Alimentos: prisão civil e revisão em tempos de pandemia*

Postado em: 18/06/2020

Alimentos: prisão civil e revisão em tempos de pandemia*
*[artigo produzido antes da publicação da Lei nº. 14.010/2020. Conferir, ao final, a nota de atualização]


O evento pandêmico afetou as mais variadas relações travadas no seio da nossa comunidade. Alternativas estão sendo criadas a cada dia ante a necessidade de literalmente reinventar os regimes dos vínculos.


A situação obriga a todos a tomar decisões rápidas e, muitas vezes, sem saber ao certo se serão efetivas ou não, se delas virão apenas bons frutos ou se produzirão perversos efeitos colaterais.
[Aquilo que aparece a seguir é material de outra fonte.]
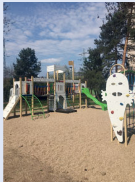
Park Přední – Blatouchová

S jarními svátky souvisí soutěžní akce pro děti Hledání velikonočních vajíček v lesoparku. Pro úspěšné hledače nebude chybět sladká odměna. K měsíci dubnu nepochybně patří výlet s našimi seniory na oblíbenou Floru Olomouc a také 2. ročník Pivního festivalu v parku Řehořova, kde bude k ochutnání desítky druhů piva.

Estamos todos “trocando o pneu com o veículo em movimento”.

Esse cenário sensível ganha maior relevância nas relações de família, e, de acordo com o que vivenciado até o momento, é possível registrar alguns dos seus reflexos na pensão alimentícia devida aos filhos quanto à sua revisão e à prisão civil pelo seu inadimplemento.

Antes de tudo, registre-se que o diálogo é a via preferencial entre os envolvidos. Entretanto, é um caminho que exige o mínimo de bom relacionamento. Diante do fracasso da tentativa de solução amigável, abre-se a possibilidade de buscar o Judiciário, pois a urgência é inerente a esse assunto.

Pensão alimentícia para os filhos e a sua revisão. A lei brasileira permite que seja ajuizada ação revisional de alimentos quando as condições nas quais foram fixados sofram alterações relevantes, abalando sobremaneira a saúde financeira daquele que paga ou revelam que o alimentando não mais necessita daquela quantia, no todo ou em parte, para sua subsistência.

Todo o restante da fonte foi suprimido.